As far as how long before or after your training you have your meal, it depends mostly on your body and the composition of the meal, so I can't help you there. For maximum results, experiment. If you can live with less-than-maximum results, it matters less. Your body can adapt to anything as long as you're consistent and build up to it.
Personally, I love doing weights and gymnastics in a fasted state. But if I do cardio, I get this incredible craving all the time. Very annoying.
As for the science behind it:
- Brad Pilon's 'Eat Stop Eat' has a lot of scientific references with regards to the effects of intermittent fasting on exercise. Some really helpful insights there.
- Mark Sisson's 'Primal Blueprint' talks in depth about most of what I wrote above, the process of converting food to energy.
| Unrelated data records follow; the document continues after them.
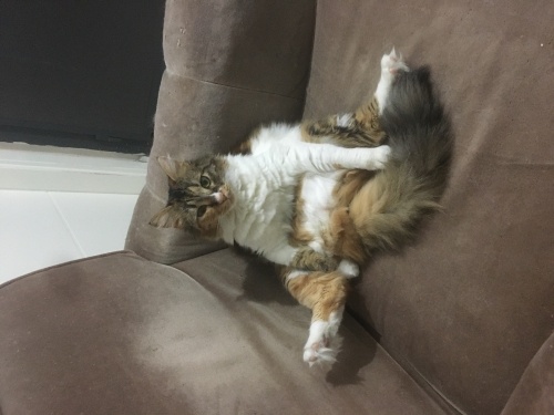 İzmir bucada 2 yıldır bana ve ilk kedim momoya arkadaşlık etmektedir. 6 aylıkken kısırlaştırıldı, ilk iç dış parazit haricinde aşısı yok ama hiç hasta olmadı. İnsanlarla arası mükemmel diğer kediler ile arası 2 gün içerisinde mükemmele yaklaşabilir. Tüy yapısı olaraka norwegian forest a benziyor. 3 renkli sokak kedisi bakıma ihtiyacı olduğu için sahiplendim, fakat bakımı konusunda zorlanmaktayım.
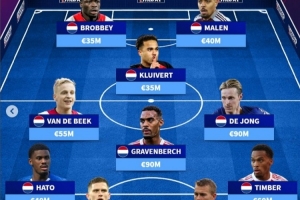 體育資訊10月30日訊 《轉(zhuǎn)會(huì)市場(chǎng)》統(tǒng)計(jì)了阿賈克斯現(xiàn)役青訓(xùn)球員的巔峰身價(jià)情況,并列出一套最貴陣。
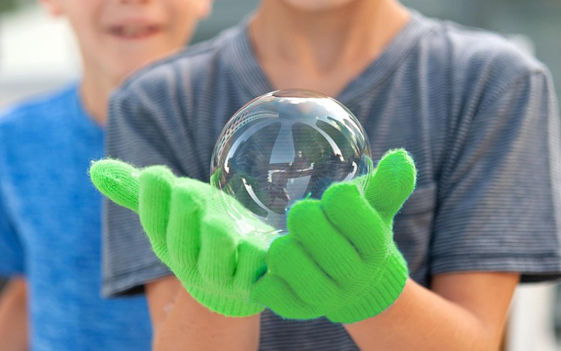 Un set per fer bombolles moooolt especial, les bombolles es poden agafar i tocar amb les mans sense que explotin! Això sí, necessitarem uns guants màgics que ens ajudaran a manipular-les.
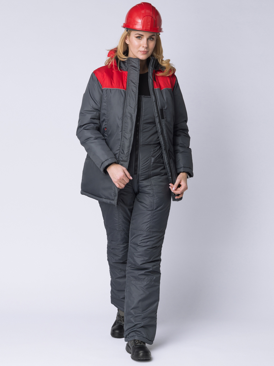 Куртка зимняя женская Снежана (Сакрин) (Дюспо), темно-серый/красный (ЧЗ) ( 96-100/170-176)
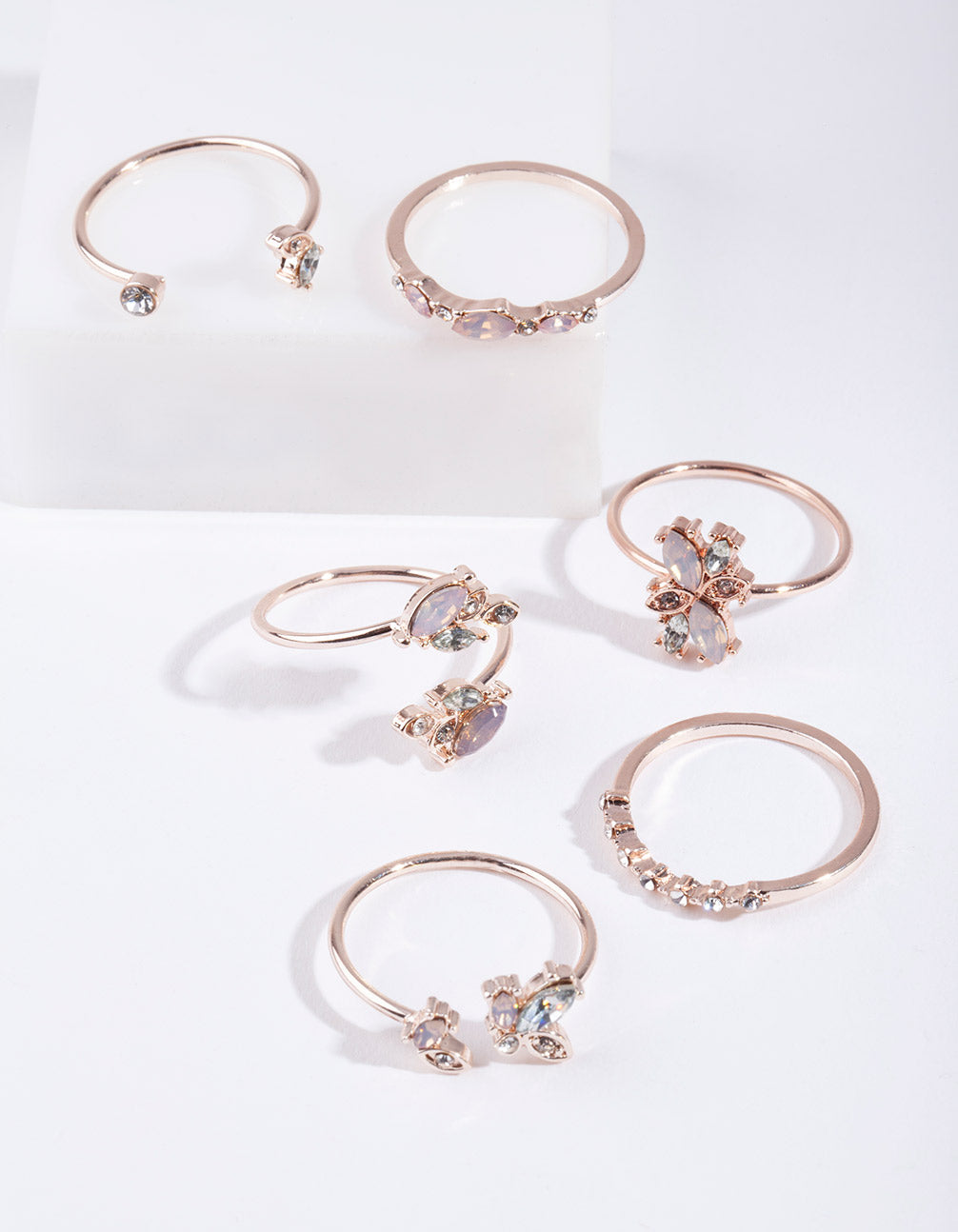 Rose Gold Floral Gem Ring Pack Rose Gold Floral Gem Ring Pack
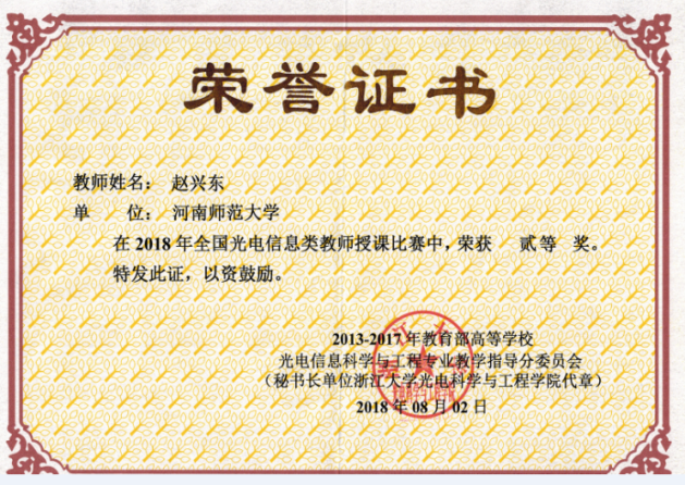 2018年全国高校光电信息类课程教师研修班暨全国光电信息类教师授课比赛由教育部高等学校光电信息科学与工程专业教学指导分委员会(“光电教指分委会”)举办,邀请国内著名高校的知名专家,就光电信息类课程的教学艺术与方法、重点与难点、授课内容组织与实施等问题进行培训、研讨,以提高一线授课教师的业务水平,提高课程的教学质量,来自全国各高校的130余名光电信息专业教师参加了会议和授课比赛。2018年河南省青年教师教学技能竞赛是由河南省教科文卫体工会、河南省教育厅主办,七月开始根据视频资料选出一二三等奖,根据综合评定选出每个学科前六名。决赛由信阳农林学院承办,并在信阳农林学院举行。进入决赛的48名教师分八个大组进行了激烈的角逐。我院青年教师赵兴东老师参加了两次授课比赛并取得了优异的成绩。
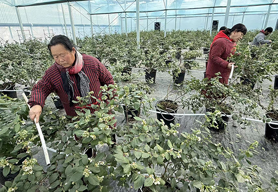 除了精细化的水肥与温度管控,熊蜂、蜜蜂协同授粉的模式更显匠心。熊蜂耐低温、授粉效率高的特性,搭配蜜蜂的辅助作用,既能有效提高坐果率,又能减少畸形果,为蓝莓优质高产筑牢基础。而这些科技种植手段的落地,也让产业带动就业的效应愈发凸显,为周边村民搭建起家门口的“增收桥”。

- Finally, for an exploration as to what the body does during extremes, few things beat Timothy Feriss' '4-Hour Body'. This guy injected himself with hormones to see the effects, ate loads of meat to supercharge his testosterone levels and lots of other experiments to figure out what the fastest way was to build his body. Lots of references there on where he got the experiments from. Insane stuff. Really. Don't try it.
PS The above is based on a more tradition day-on-day-off fasting, which lazy people like me prefer. It's the same for the 16-hour, 20-hour, 5:2 etc. forms of intermittent fasting. Just figure out at what time of day to eat and at what time to train. If you do 'Eat Stop Eat', just fast on the first of your double resting days and you shouldn't notice any change in your energy levels during training at all.